BEGIN
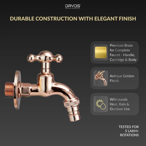 Elevate your outdoor space with the timeless elegance. Crafted for durability and style, this faucet combines superior quality materials with a beautiful, antique design that is perfect for those with a classic taste. Built from Solid Brass, Made to Last This tap is constructed from 100% brass—including the body, handle, and cartridge—for unmatched strength and rust resistance. The durable antique finish is specially designed to withstand high temperatures and heavy rains, ensuring it maintains its stunning look year after year.
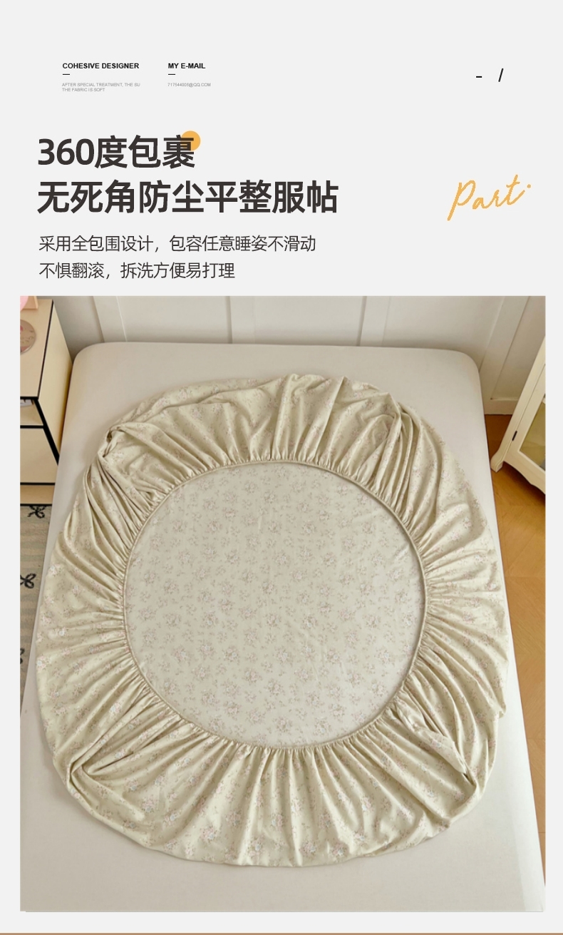 • 91家纺网 家纺一手货源 找家纺 圣比熊 2025新款针织棉双层纱床笠罩全包席梦思床垫保护罩 花开半夏
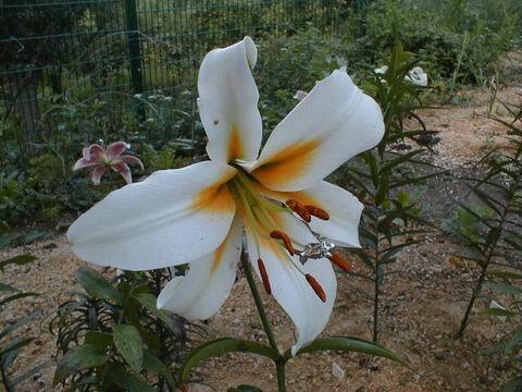 Abstammung:(Unnamed white I(a) seedling x (Connecticut King x (L. dauricum x L. leichtlinii var. maximowiczii Unicolor )F2 brushmarked selection)))Beschreibung:Pale yellow (8D, in cool weather or in low light) to pure white (always white by third day), throat with a deep magenta brushmark (20 x 10mm) extending up from nectaries, outside soft cream white to green-white; nectaries cream/green; pollen moderate red (180A). Pedicels erect; petals 60-90 x 30mm, not ruffled, tips slightly recurved. Lvs alternate, 100-150 x 20-30mm, dark green. Stems 1.5-1.8m, dark green, with 5-15 fls. Late June -early July.Bezug:Salzborn: 1994,1996;
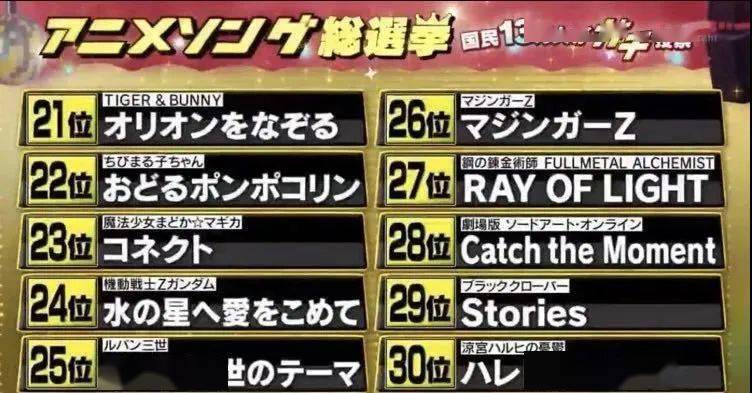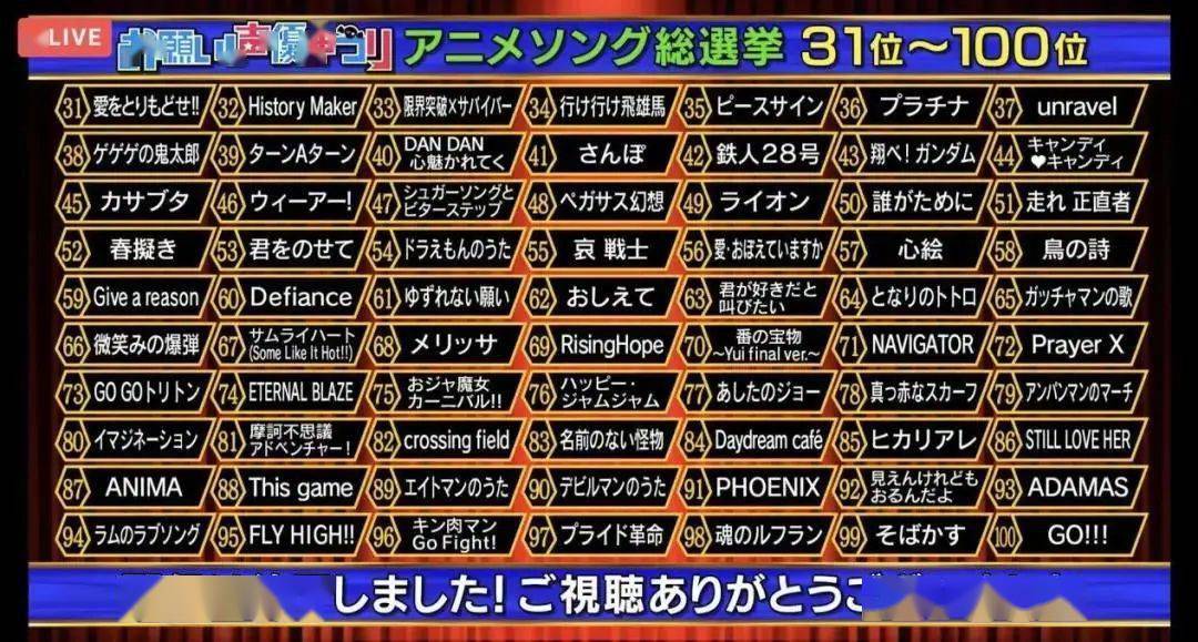 这一首算得上是TOP10中唯一没有动画人气加成,只靠歌曲本身胜出的动漫歌曲了。
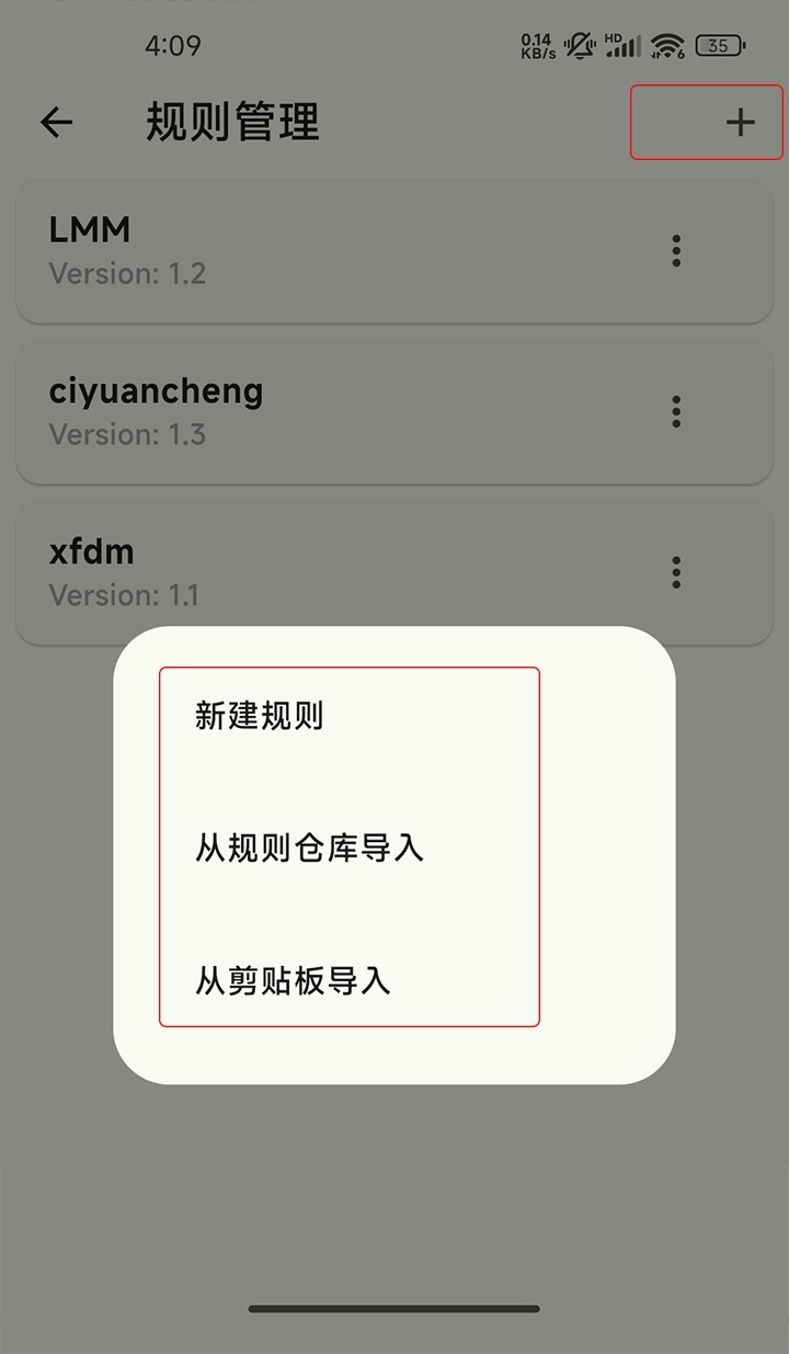 2、点击“+”即可添加规则,支持自行新建规则或是导入
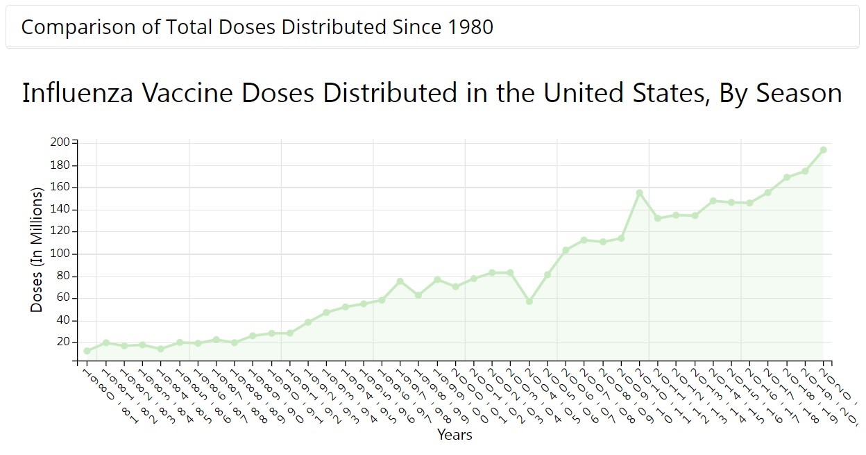 But everything is OK if you are invested in pharmaceutical stocks, because with the Federal Reserve banks creating money out of thin air and then having their puppet politicians give $TRILLIONS to the pharmaceutical industry, there was plenty of money to go around for other vaccines besides COVID, and annual sales of the flu vaccine skyrocketed to its highest total ever in the 2020-21 flu season, at 193.8 MILLION doses, the same year the COVID-19 vaccines were introduced.
END
Assigned task: Quote the records above in full, dropping each picture.

Solution:
 Elevate your outdoor space with the timeless elegance. Crafted for durability and style, this faucet combines superior quality materials with a beautiful, antique design that is perfect for those with a classic taste. Built from Solid Brass, Made to Last This tap is constructed from 100% brass—including the body, handle, and cartridge—for unmatched strength and rust resistance. The durable antique finish is specially designed to withstand high temperatures and heavy rains, ensuring it maintains its stunning look year after year.
 • 91家纺网 家纺一手货源 找家纺 圣比熊 2025新款针织棉双层纱床笠罩全包席梦思床垫保护罩 花开半夏
 Abstammung:(Unnamed white I(a) seedling x (Connecticut King x (L. dauricum x L. leichtlinii var. maximowiczii Unicolor )F2 brushmarked selection)))Beschreibung:Pale yellow (8D, in cool weather or in low light) to pure white (always white by third day), throat with a deep magenta brushmark (20 x 10mm) extending up from nectaries, outside soft cream white to green-white; nectaries cream/green; pollen moderate red (180A). Pedicels erect; petals 60-90 x 30mm, not ruffled, tips slightly recurved. Lvs alternate, 100-150 x 20-30mm, dark green. Stems 1.5-1.8m, dark green, with 5-15 fls. Late June -early July.Bezug:Salzborn: 1994,1996;
 这一首算得上是TOP10中唯一没有动画人气加成,只靠歌曲本身胜出的动漫歌曲了。
 2、点击“+”即可添加规则,支持自行新建规则或是导入
 But everything is OK if you are invested in pharmaceutical stocks, because with the Federal Reserve banks creating money out of thin air and then having their puppet politicians give $TRILLIONS to the pharmaceutical industry, there was plenty of money to go around for other vaccines besides COVID, and annual sales of the flu vaccine skyrocketed to its highest total ever in the 2020-21 flu season, at 193.8 MILLION doses, the same year the COVID-19 vaccines were introduced.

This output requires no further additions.